=== RECORDS FOR PROCESSING ===

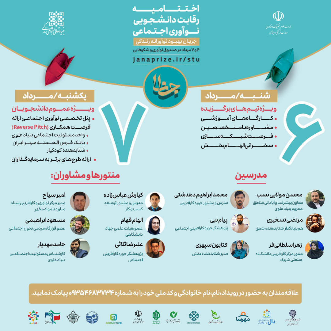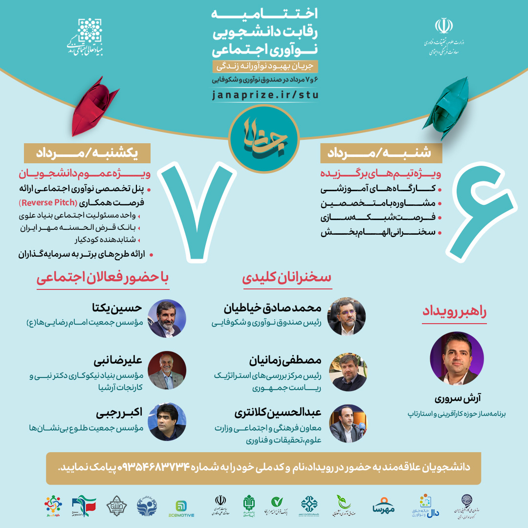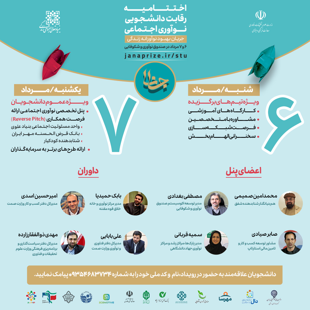 جانا دانشجویی در دو روز ۶ و ۷ مرداد ماه سال ۱۴۰۳ در محل صندوق نوآوری و شکوفایی برگزار شد
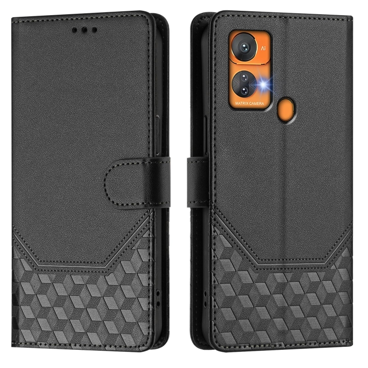 Funda de Cuero Rfid con Relieve en Panal para Oukitel C33 (Negra)
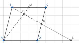 1) Рассмотрим треугольник ΔABE. Поскольку точка E является пересечением диагонали AC и прямой, проведенной через точку B параллельно CD, то \(E = AD \cap BN\) и \(DN = \frac{1}{2} \cdot AB\).
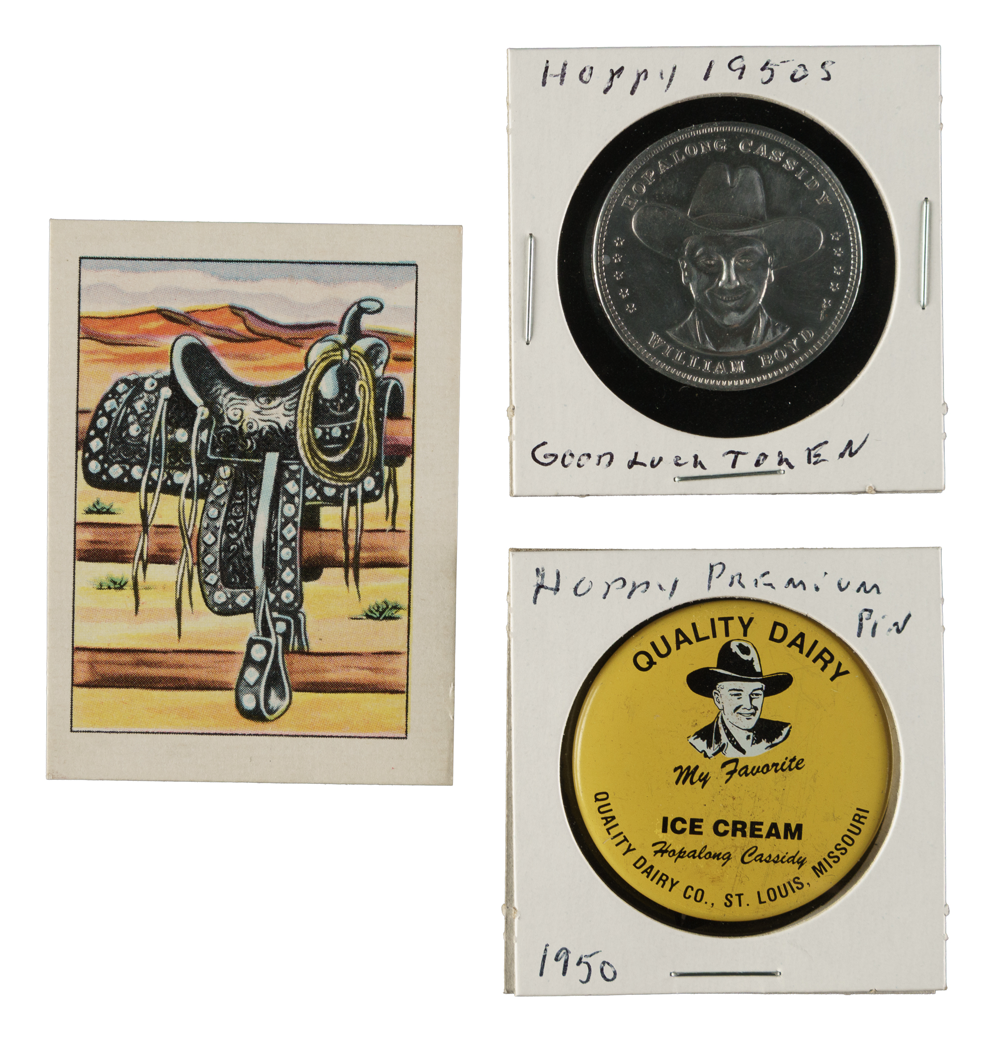 Complete 36-card set of 1951 Post Cereal "Hopalong Cassidy Wild West" trading cards. Also includes seven rare Canadian variations (#9, 11, 21, 23, 27, 29, and 34), a premium pin, and a good luck token. Condition is 8% Ex to Ex-Mt, 23% Vg to Vg-Ex, and 69% Gd. Condition of Canadian variations ranges from Vg to Ex-Mt (averaging Vg-Ex), including one lesser. This is very attractive complete set of this popular 1950s nonsport-card issue. Total: 45 items (complete set of 36 plus 7 variations, one pin, and one coin). The size/weight of this item requires that there will be an additional shipping charge for this lot.
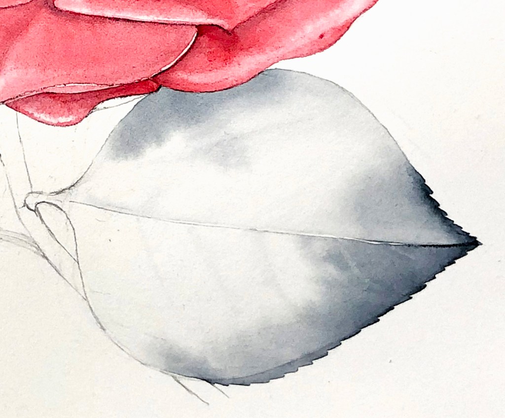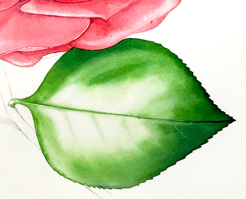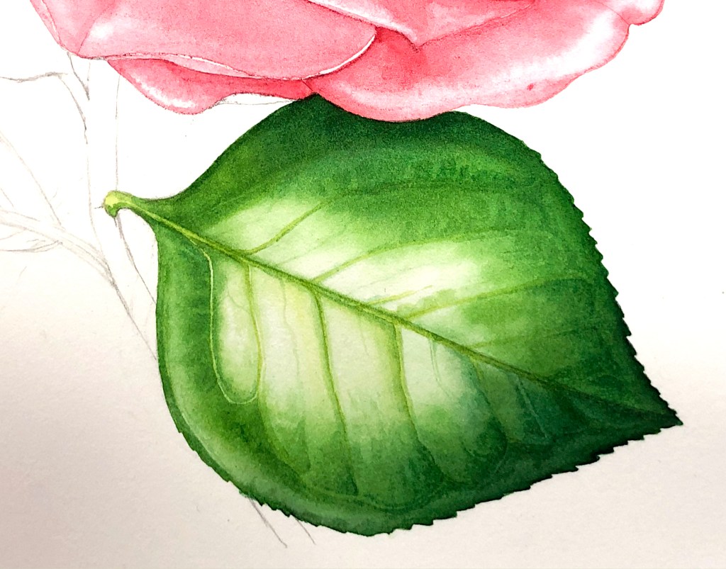 I always paint my leaves wet-on-wet but it is even more important for the shiny ones. Painting wet-on-wet avoids all hard lines within the shape and the strong highlights look soft and natural. A hard edge around a highlight would make it look like a hole in the leaf rather than a patch of light.
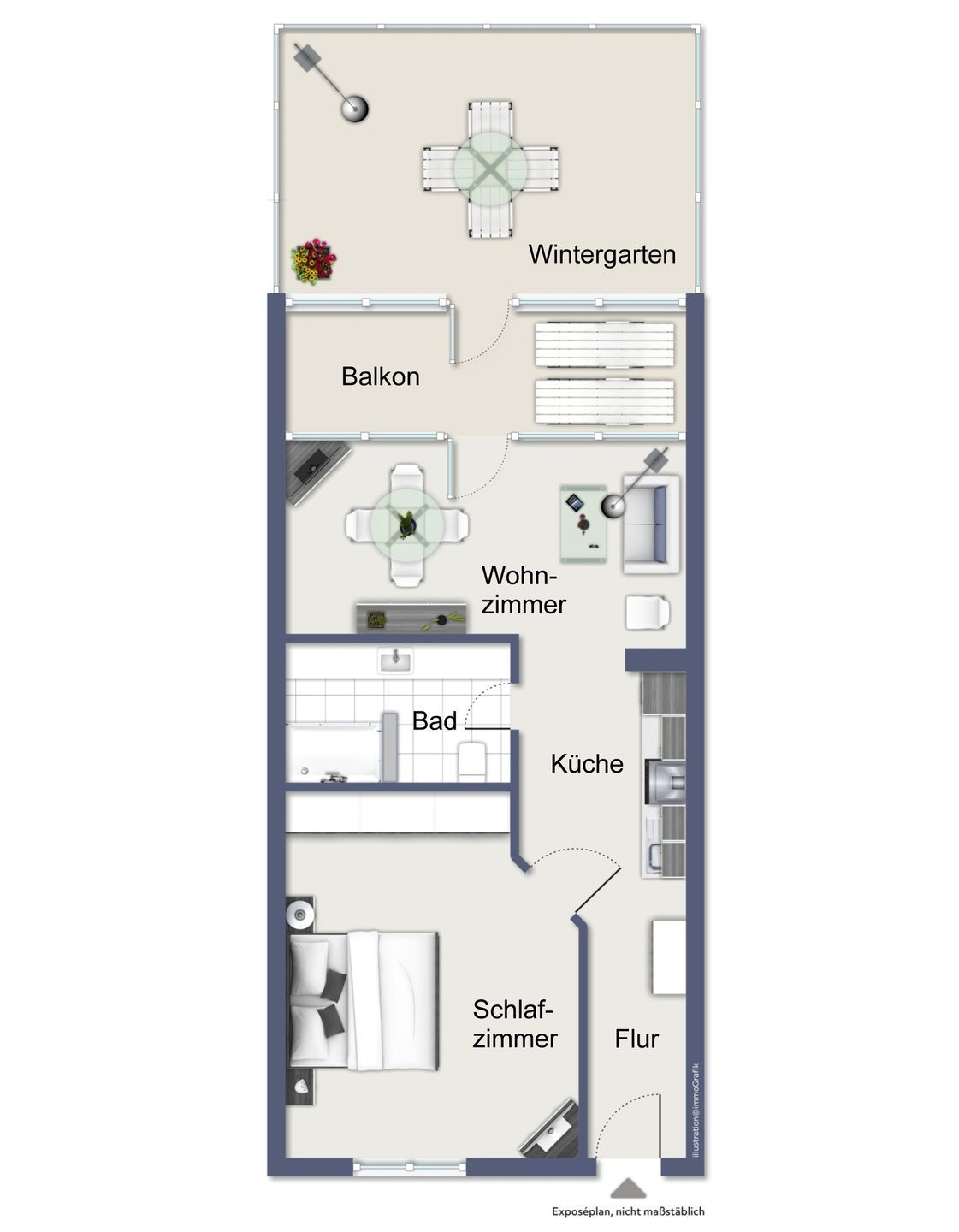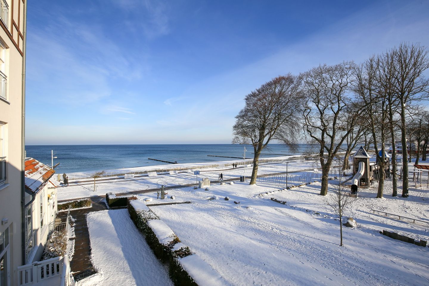 Im großzügigen Wohnraum der Ferienwohnung laden eine bequeme Doppelschlafcouch (180 x 200 cm) und ein Flachbild-TV zu geselligen Fernsehabenden ein. Vom Wohnzimmer aus gelangen Sie auf den Balkon, auf dem zwei Sonnenliegen zum Sonnenbaden einladen. Vom Balkon aus erreichen Sie wiederum die großzügige und möblierte Glasveranda. Von hier haben Sie einen Rundumblick auf die Ostsee und den Park. Die Glasveranda ist mit einer Sitzgruppe ausgestattet – ideal für gemeinsame Mahlzeiten. Hier können Sie entspannte Stunden mit Blick aufs Meer und gemütliche Abende mit Meeresrauschen genießen.
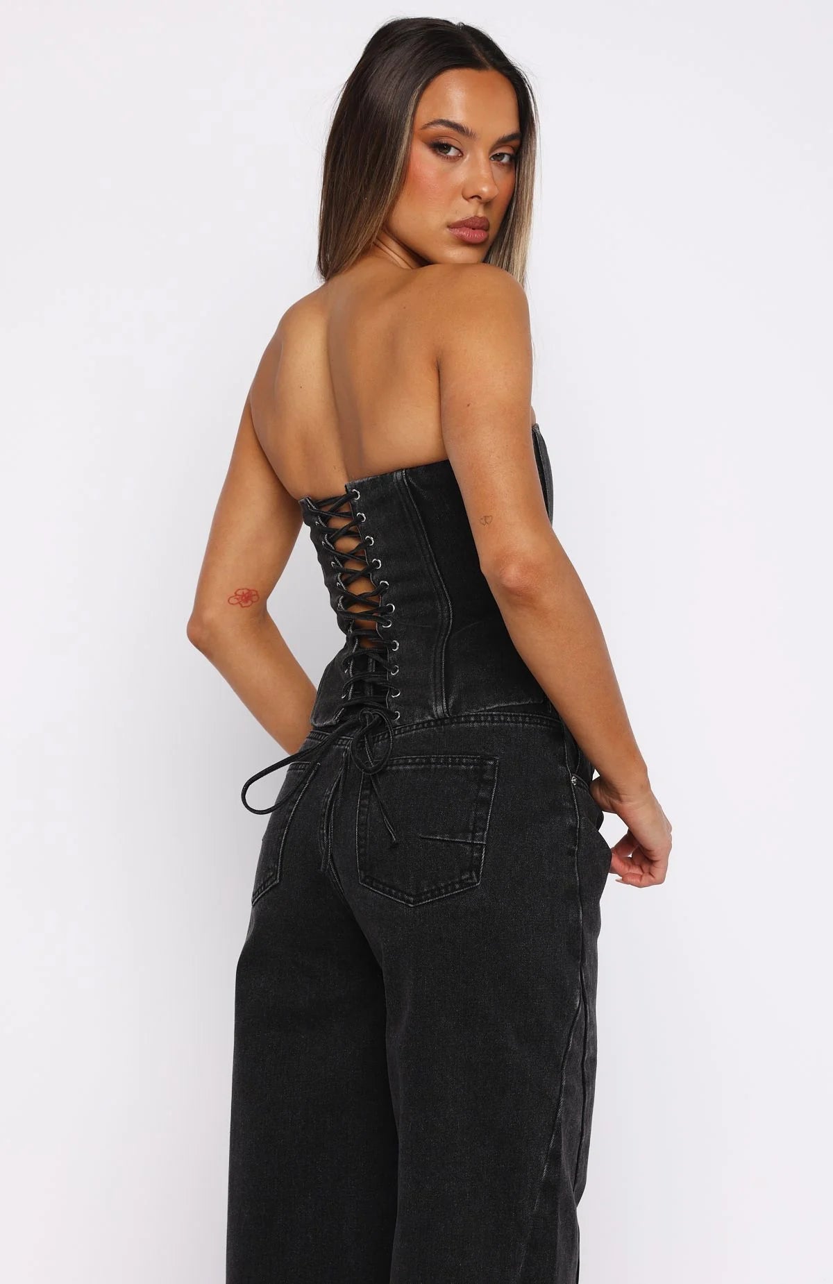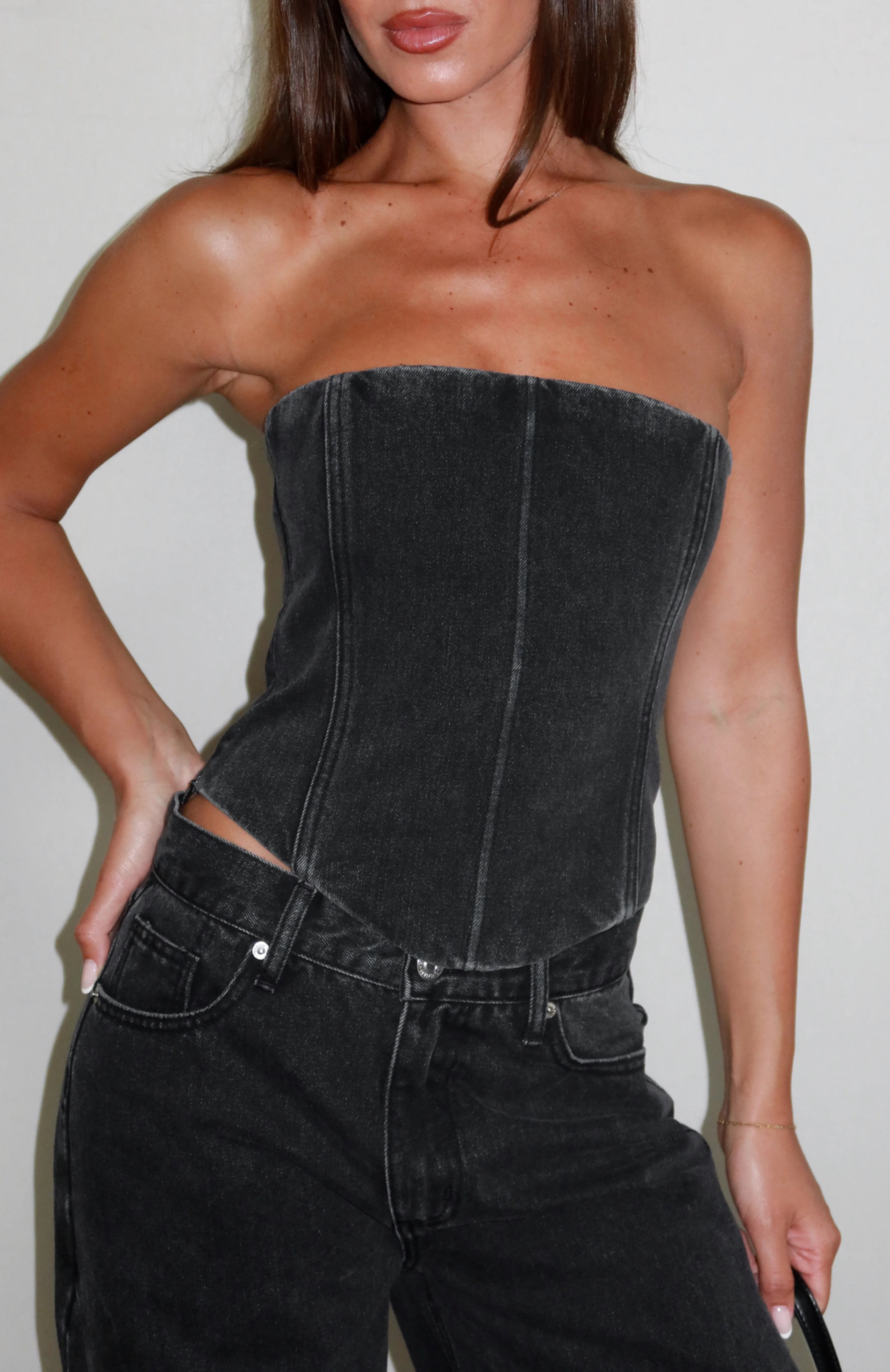 Embrace a double denim moment with the Be Mine Forever Denim Bustier in Black Acid. This strapless piece features grip tape for secure wear, a structured bodice with internal boning, and a corset-inspired lace-up back, and fully lined. Style with the matching denim jeans in Black Acid for our newest obsession!
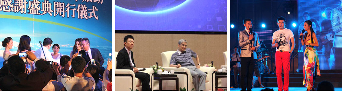 明星艺人:吴启华、蒋大为、费翔、玖月奇迹、温碧霞、凤凰传奇、汤镇宗、汤镇业、刘锡明、洪欣、焦恩俊、齐秦、周华健、温兆伦、胡杏儿、郑希怡、吕颂贤、罗中旭、任达华、游鸿明、苏永康、金海心、安又琪、何家劲、张文慈、李冰冰、周海媚、邰正宵、吴大维、关礼杰、熊黛林、魏俊杰、陶大宇、李丽珍、陈明真、陈星等。

===

BRIEF — Print once more, exactly, the lines that start at the top of the records above and end at the line with "1) Рассмотрим треугольник", skipping all pictures.

ANSWER SECTION —
 جانا دانشجویی در دو روز ۶ و ۷ مرداد ماه سال ۱۴۰۳ در محل صندوق نوآوری و شکوفایی برگزار شد
 Funda de Cuero Rfid con Relieve en Panal para Oukitel C33 (Negra)
 1) Рассмотрим треугольник ΔABE. Поскольку точка E является пересечением диагонали AC и прямой, проведенной через точку B параллельно CD, то \(E = AD \cap BN\) и \(DN = \frac{1}{2} \cdot AB\).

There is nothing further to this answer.